The method according to claim 8. 15.10.10'-Oxybisphenoxaarsine has an initial concentration of about 250 ppm to 500 ppm
15. The method according to claim 14. 16. The method of claim 14, wherein the concentration of 10.10'-oxybisphenoxaarsine in the medium is about 1 ppm to 120 ppn+. 17. The method according to claim 8, wherein the aqueous medium also has the effect of dyeing the fibers while the fibers pass through the medium. 18. Claim 17, wherein the medium is Beck dye bath
The method described in section.

Claims (1)

[Claims] 1. A method for controlling the antimicrobial agent content of fibers, the method comprising: containing fibers with an initial concentration of an antimicrobial agent that is substantially uniformly distributed across the cross-section of the fibers; The fibers are treated to pass through a medium containing the same antibacterial agent as the antibacterial agent being treated, and the concentration of the antibacterial agent in the medium is such that the treated fibers have a predetermined concentration of the antibacterial agent. ,
The method described above is characterized in that the concentration of the antibacterial agent in the fiber is controlled. 2. The method of claim 1, wherein the medium has a sufficient antimicrobial agent concentration such that the antimicrobial agent concentration in the fibers is not substantially altered. 3. The method of claim 1, wherein the medium has a sufficient antimicrobial agent concentration such that the antimicrobial agent concentration in the fibers is increased. 4. The method of claim 1, wherein the medium has a sufficient antimicrobial agent concentration such that the antimicrobial agent concentration in the fibers is reduced. 5. The method according to claim 1, wherein the medium is an aqueous medium. 6. The method according to claim 1, wherein the fibers are selected from the group consisting of synthetic fibers, semi-synthetic fibers, natural fibers, and blends thereof. 7. The method of claim 5, wherein the fiber is nylon. 8. The method according to claim 7, wherein the antibacterial agent is 10,10'-oxybisphenoxarcin. 9. The ratio of bath volume to fiber weight is about 100:1 to 1:1.

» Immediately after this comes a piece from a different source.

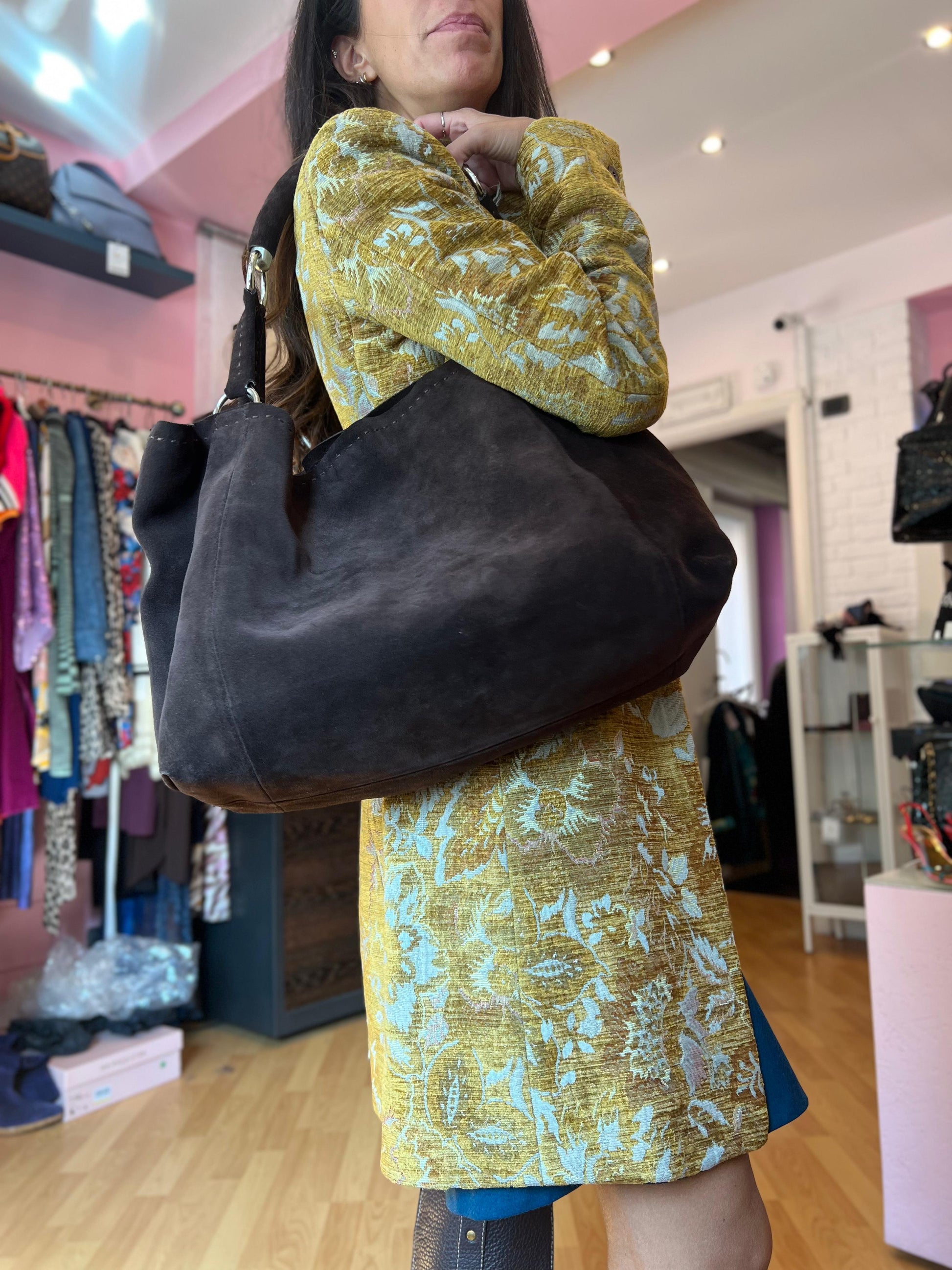 Bellissima Prada in camoscio colorazione marrone e dettagli metallici oro, la borsa é in ottime condizioni priva di segni dovuti all'utilizzo e al tempo, interno anch'esso in ottime condizioni
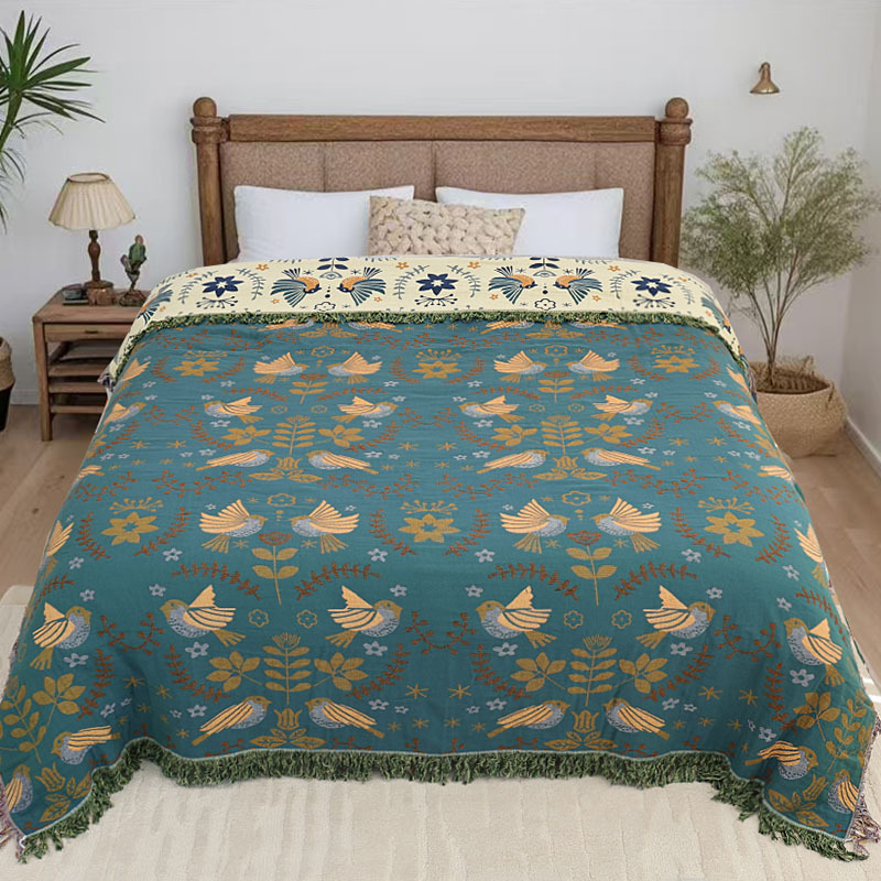 Одеяло с кисточками зеленого цветка и птицы [сзади бежевое]; Зеленое одеяло с кисточками «Ромашка»; Одеяло с кисточками из календулы; Одеяло с розовой кисточкой «Ромашка»; Одеяло с желтыми цветочными кисточками; Зеленое одеяло с кисточками «Колибри»; Одеяло с бежевым элементом стрелки

9. The method according to claim 8, wherein: 10. The method of claim 9, wherein a ratio of about 30:1 to 10:1 is used. 9. The method of claim 8, wherein a fiber to medium distribution of 11,10,10'-oxybisphenoxaarsine of about 100:1 to 20::1 is used. 12. The method of claim 8, wherein the concentration of 10,10'-oxybisphenoxaarsine in the medium is about 1 ppm to 12 ppm. 13. The method of claim 12, wherein the concentration of 10,10'-oxybisphenoxaarsine in the medium is about 8 ppm to 15 ppm. 14. The method according to claim 8, wherein the initial concentration of 10,10'-oxybisphenoxaarsine in the fiber is from 10 ppm to 3300 ppm. 15. The method of claim 14, wherein the initial concentration of 15,10,10'-oxybisphenoxaarsine is about 250 ppm to 500 ppm. 16. The method of claim 14, wherein the concentration of 10,10'-oxybisphenoxaarsine in the medium is about 1 ppm to 120 ppm. 17. The method according to claim 8, wherein the aqueous medium also has the effect of dyeing the fibers while the fibers pass through the medium. 18. Claim 17, wherein the medium is Beck dye bath
The method described in section. 19. A product manufactured by the method according to claim 1. 20. A product manufactured by the method according to claim 16.